* _WORK REQUIRED_: Would you please transcribe the data in full and exactly, excluding images?

(Beginning of EXCERPTED RECORDS)

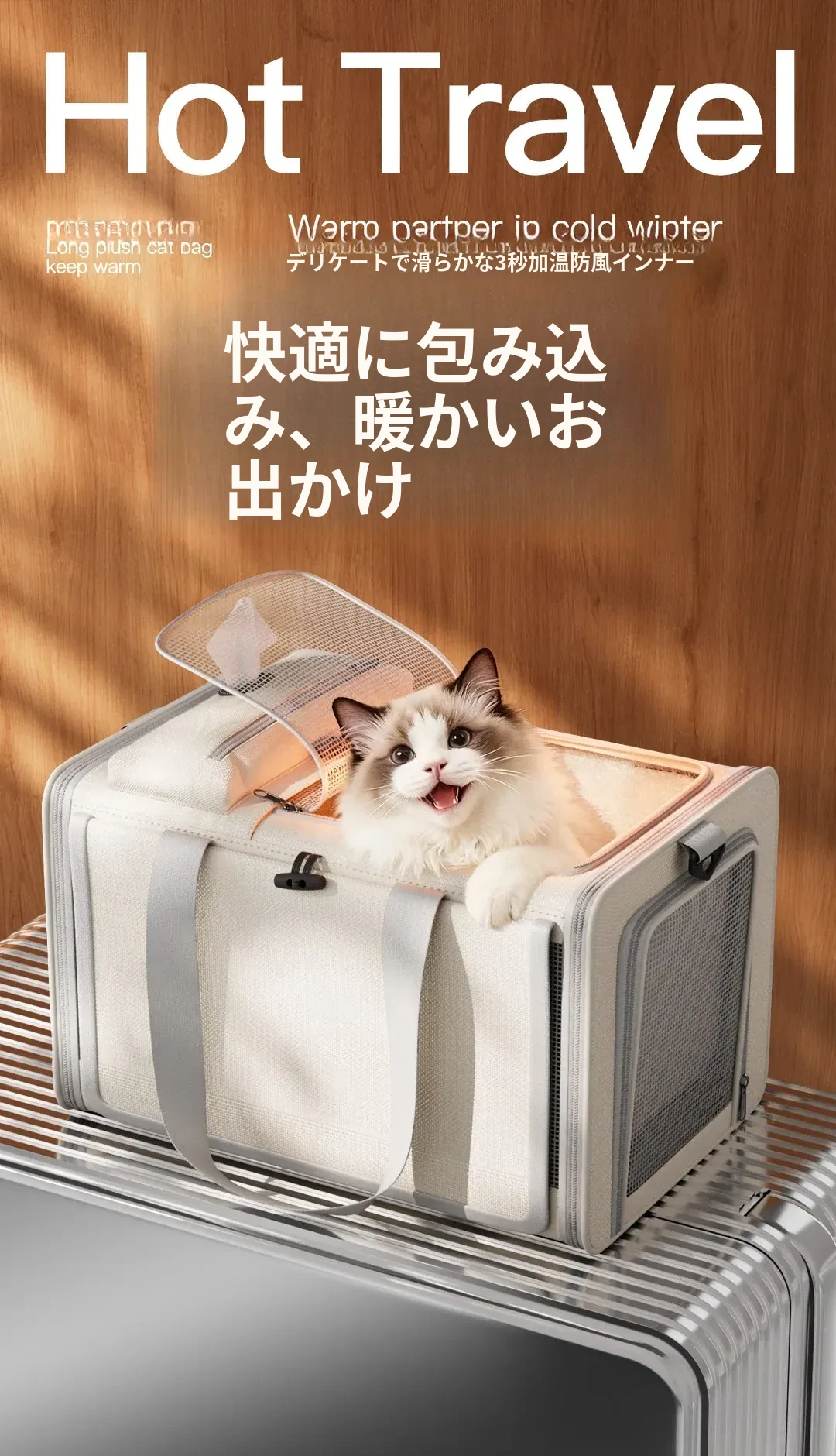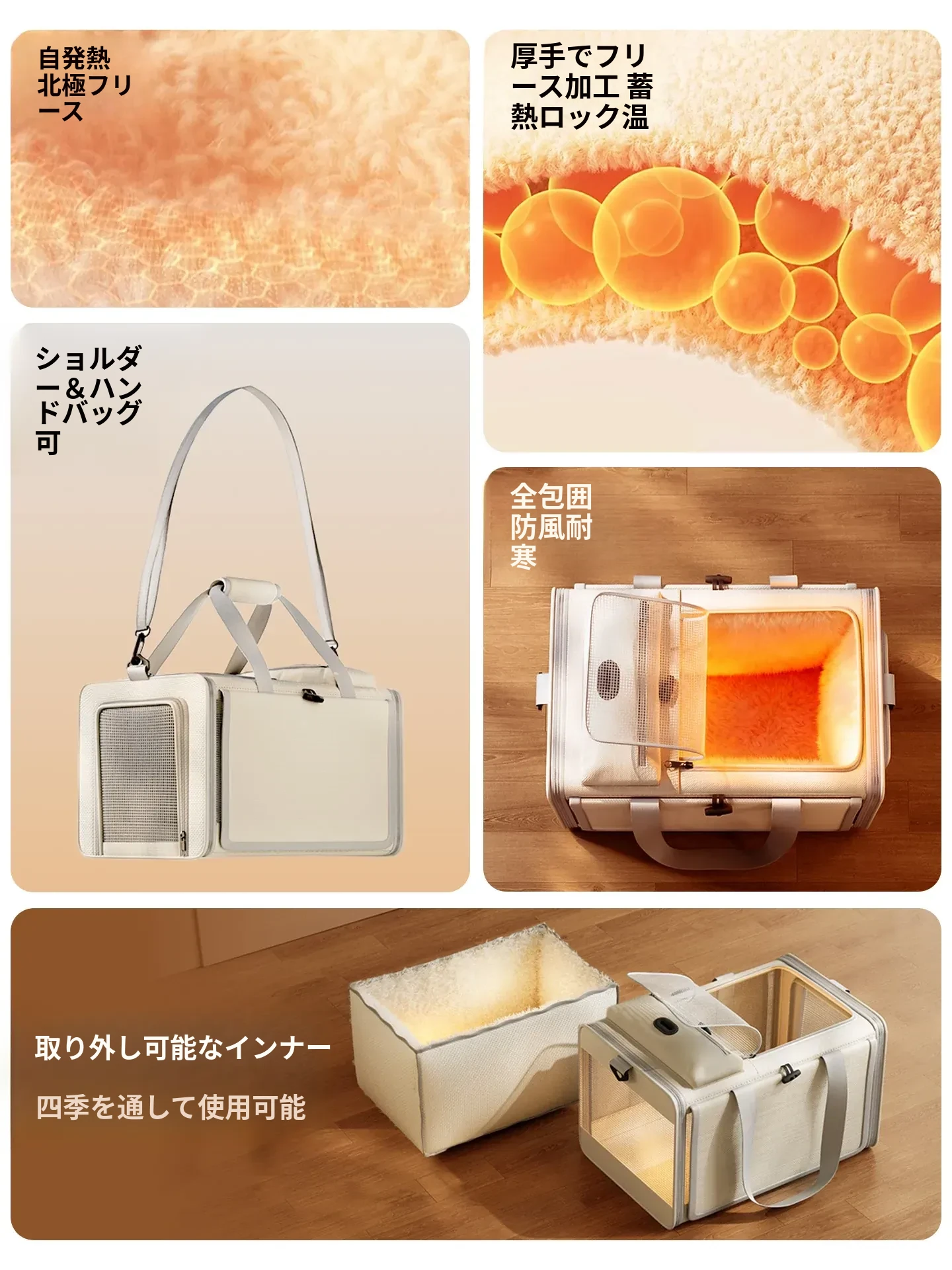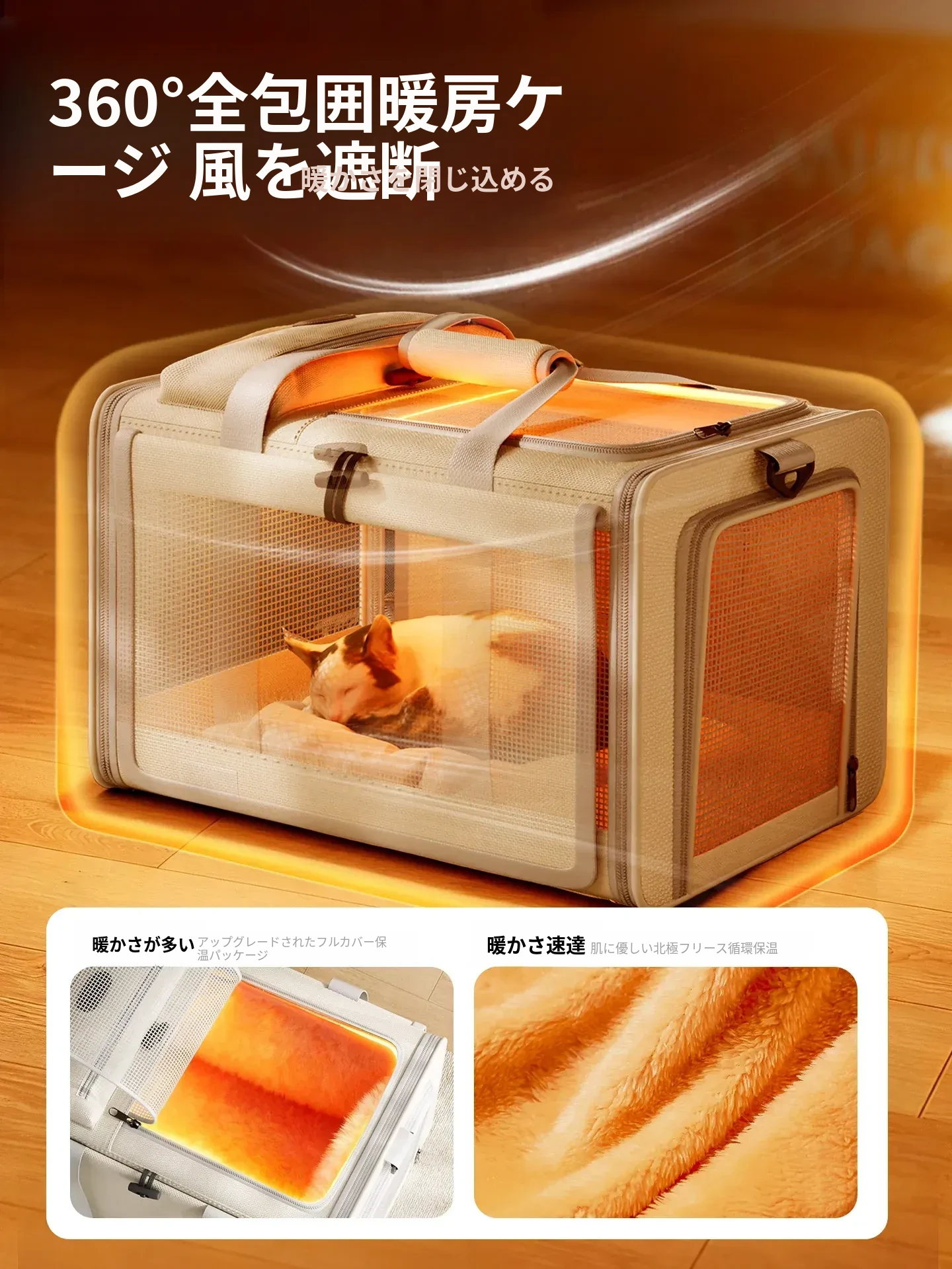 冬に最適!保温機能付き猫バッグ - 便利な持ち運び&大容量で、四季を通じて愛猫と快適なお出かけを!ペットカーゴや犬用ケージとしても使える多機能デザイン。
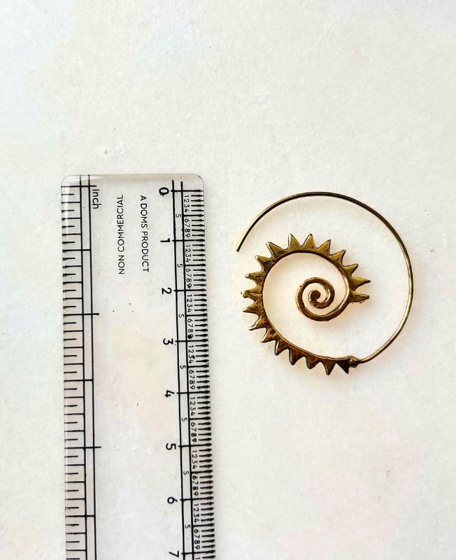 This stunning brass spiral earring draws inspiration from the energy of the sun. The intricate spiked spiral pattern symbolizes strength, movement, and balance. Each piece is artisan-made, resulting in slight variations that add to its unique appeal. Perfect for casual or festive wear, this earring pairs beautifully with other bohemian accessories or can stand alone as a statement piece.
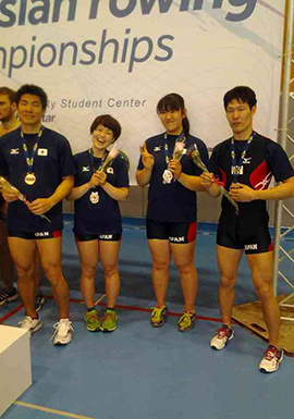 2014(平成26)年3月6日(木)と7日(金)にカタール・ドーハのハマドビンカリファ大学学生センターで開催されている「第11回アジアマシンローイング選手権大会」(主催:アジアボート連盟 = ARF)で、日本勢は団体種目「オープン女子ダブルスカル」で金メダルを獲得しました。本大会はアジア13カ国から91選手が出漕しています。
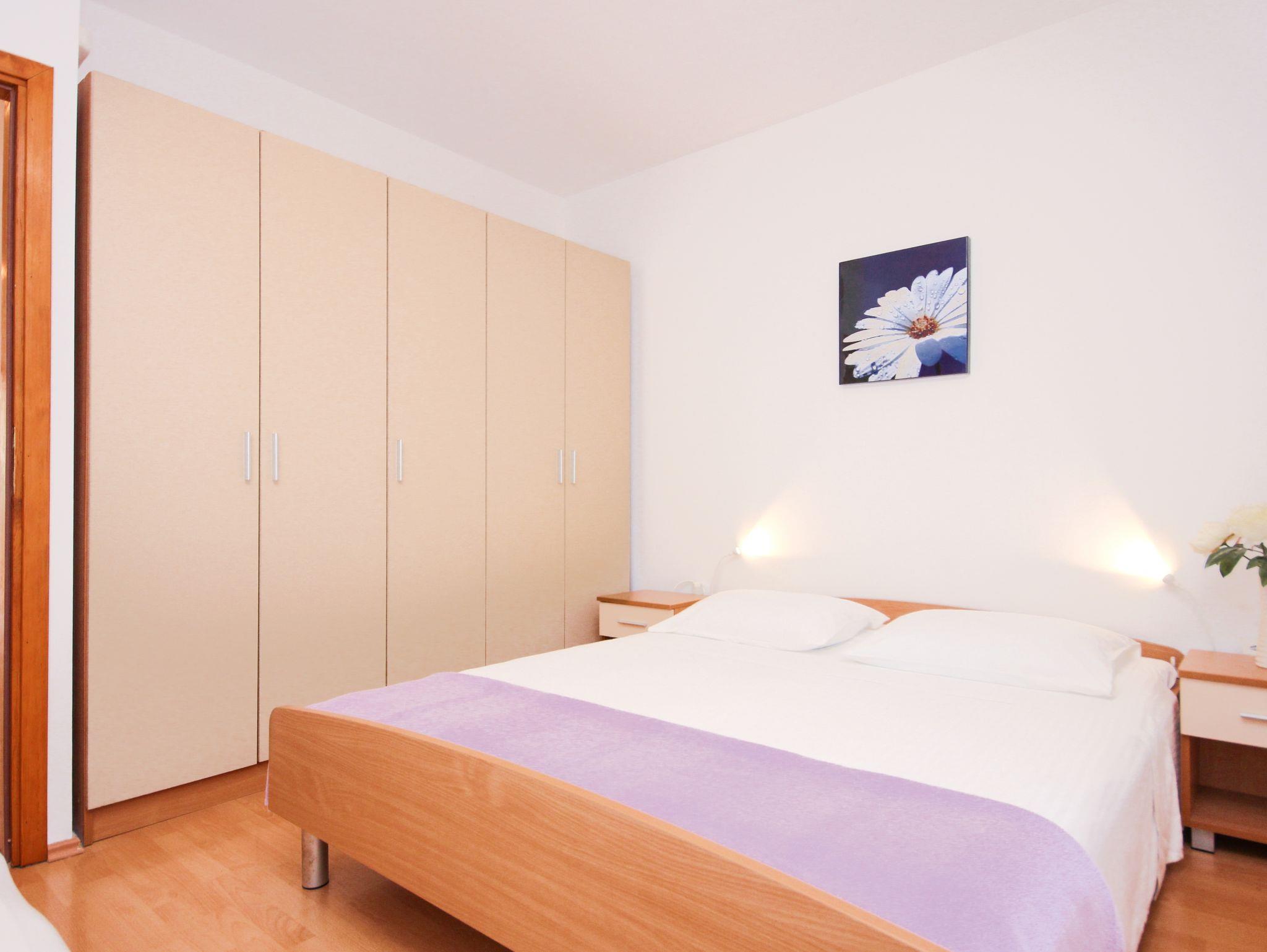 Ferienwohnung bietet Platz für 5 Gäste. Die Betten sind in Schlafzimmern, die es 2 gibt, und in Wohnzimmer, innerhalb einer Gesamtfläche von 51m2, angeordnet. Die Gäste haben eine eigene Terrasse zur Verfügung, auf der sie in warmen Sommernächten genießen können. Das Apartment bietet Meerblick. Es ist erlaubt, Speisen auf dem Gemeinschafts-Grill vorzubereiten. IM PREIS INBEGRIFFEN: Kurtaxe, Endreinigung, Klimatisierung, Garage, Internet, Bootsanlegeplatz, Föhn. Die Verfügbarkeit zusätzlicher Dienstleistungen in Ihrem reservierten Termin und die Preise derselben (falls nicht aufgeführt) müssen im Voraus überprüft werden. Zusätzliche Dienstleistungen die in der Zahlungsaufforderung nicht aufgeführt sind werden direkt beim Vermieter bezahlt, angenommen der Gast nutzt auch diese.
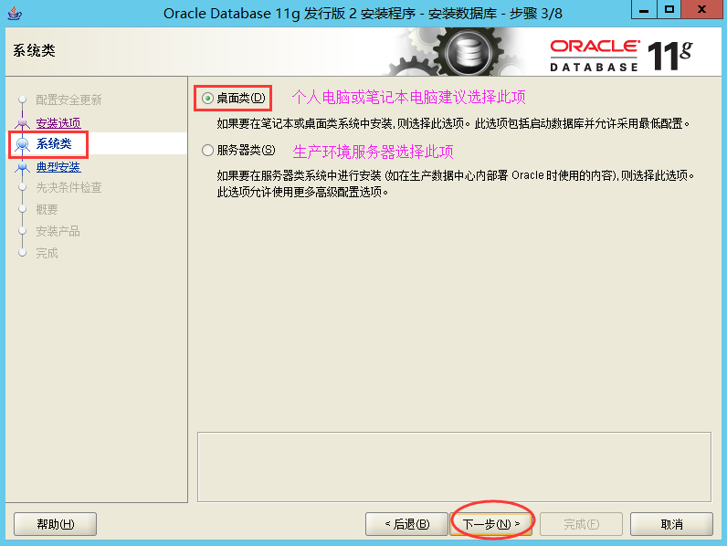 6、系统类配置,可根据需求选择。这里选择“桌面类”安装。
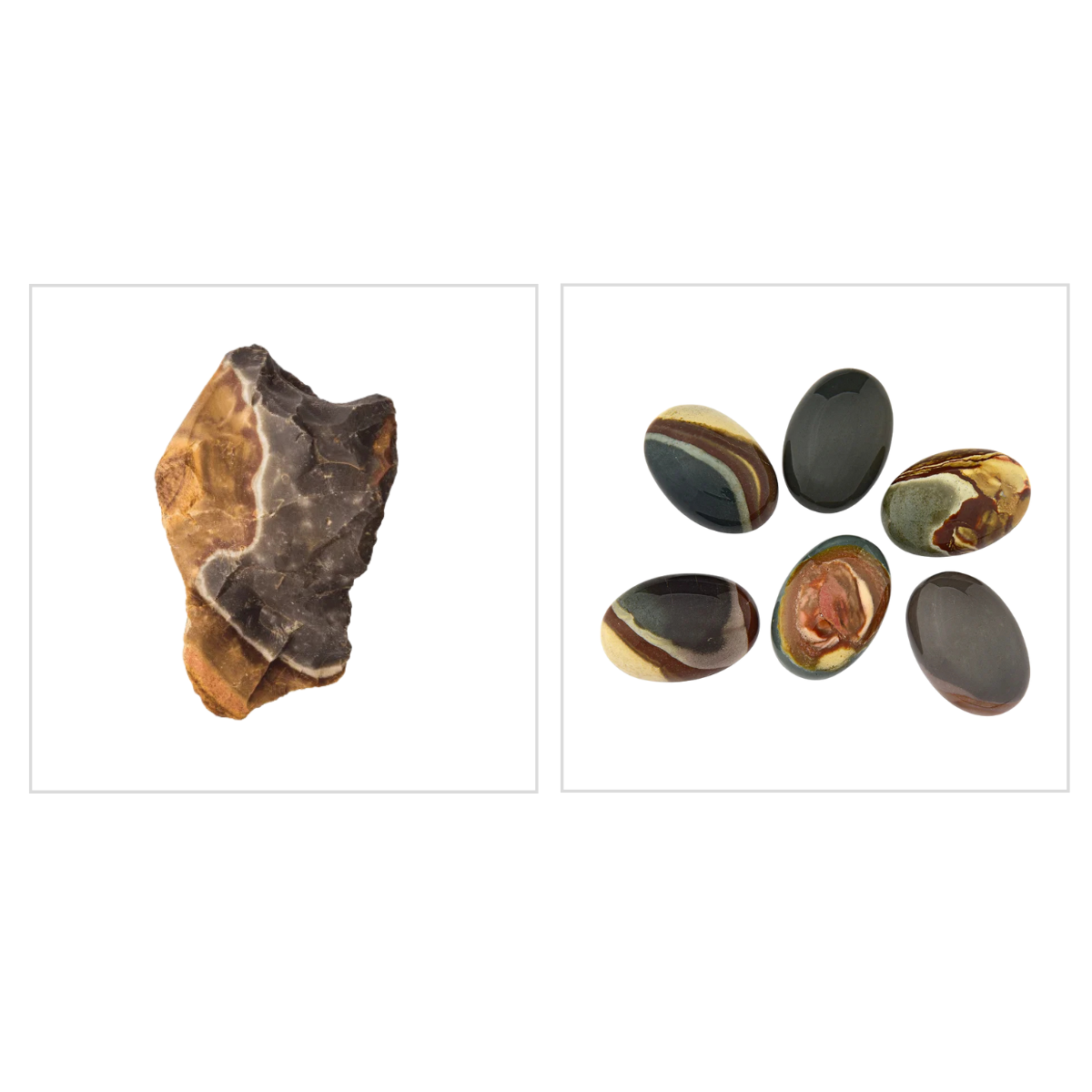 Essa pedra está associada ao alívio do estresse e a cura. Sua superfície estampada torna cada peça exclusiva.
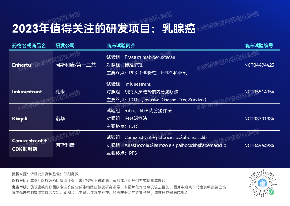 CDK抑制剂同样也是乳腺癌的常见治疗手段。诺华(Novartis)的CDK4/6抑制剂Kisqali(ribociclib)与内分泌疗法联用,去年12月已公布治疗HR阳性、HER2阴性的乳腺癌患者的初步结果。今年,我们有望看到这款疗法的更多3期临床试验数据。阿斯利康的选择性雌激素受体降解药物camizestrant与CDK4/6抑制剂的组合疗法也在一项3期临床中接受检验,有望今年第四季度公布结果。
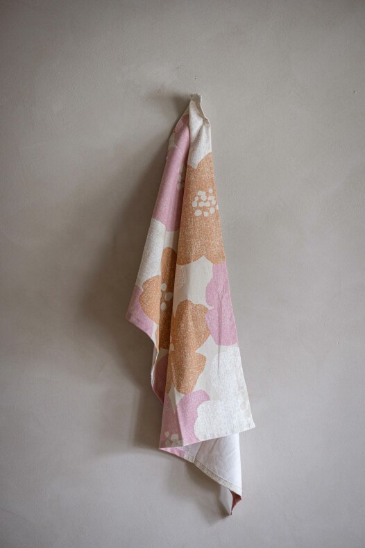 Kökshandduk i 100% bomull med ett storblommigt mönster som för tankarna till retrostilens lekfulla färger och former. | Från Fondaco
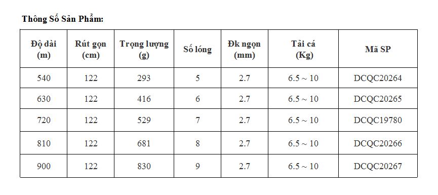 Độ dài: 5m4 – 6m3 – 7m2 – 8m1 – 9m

(End of EXCERPTED RECORDS)

* _EXPECTED ANSWER_:
 冬に最適!保温機能付き猫バッグ - 便利な持ち運び&大容量で、四季を通じて愛猫と快適なお出かけを!ペットカーゴや犬用ケージとしても使える多機能デザイン。
 This stunning brass spiral earring draws inspiration from the energy of the sun. The intricate spiked spiral pattern symbolizes strength, movement, and balance. Each piece is artisan-made, resulting in slight variations that add to its unique appeal. Perfect for casual or festive wear, this earring pairs beautifully with other bohemian accessories or can stand alone as a statement piece.
 2014(平成26)年3月6日(木)と7日(金)にカタール・ドーハのハマドビンカリファ大学学生センターで開催されている「第11回アジアマシンローイング選手権大会」(主催:アジアボート連盟 = ARF)で、日本勢は団体種目「オープン女子ダブルスカル」で金メダルを獲得しました。本大会はアジア13カ国から91選手が出漕しています。
 Ferienwohnung bietet Platz für 5 Gäste. Die Betten sind in Schlafzimmern, die es 2 gibt, und in Wohnzimmer, innerhalb einer Gesamtfläche von 51m2, angeordnet. Die Gäste haben eine eigene Terrasse zur Verfügung, auf der sie in warmen Sommernächten genießen können. Das Apartment bietet Meerblick. Es ist erlaubt, Speisen auf dem Gemeinschafts-Grill vorzubereiten. IM PREIS INBEGRIFFEN: Kurtaxe, Endreinigung, Klimatisierung, Garage, Internet, Bootsanlegeplatz, Föhn. Die Verfügbarkeit zusätzlicher Dienstleistungen in Ihrem reservierten Termin und die Preise derselben (falls nicht aufgeführt) müssen im Voraus überprüft werden. Zusätzliche Dienstleistungen die in der Zahlungsaufforderung nicht aufgeführt sind werden direkt beim Vermieter bezahlt, angenommen der Gast nutzt auch diese.
 6、系统类配置,可根据需求选择。这里选择“桌面类”安装。
 Essa pedra está associada ao alívio do estresse e a cura. Sua superfície estampada torna cada peça exclusiva.
 CDK抑制剂同样也是乳腺癌的常见治疗手段。诺华(Novartis)的CDK4/6抑制剂Kisqali(ribociclib)与内分泌疗法联用,去年12月已公布治疗HR阳性、HER2阴性的乳腺癌患者的初步结果。今年,我们有望看到这款疗法的更多3期临床试验数据。阿斯利康的选择性雌激素受体降解药物camizestrant与CDK4/6抑制剂的组合疗法也在一项3期临床中接受检验,有望今年第四季度公布结果。
 Kökshandduk i 100% bomull med ett storblommigt mönster som för tankarna till retrostilens lekfulla färger och former. | Från Fondaco
 Độ dài: 5m4 – 6m3 – 7m2 – 8m1 – 9m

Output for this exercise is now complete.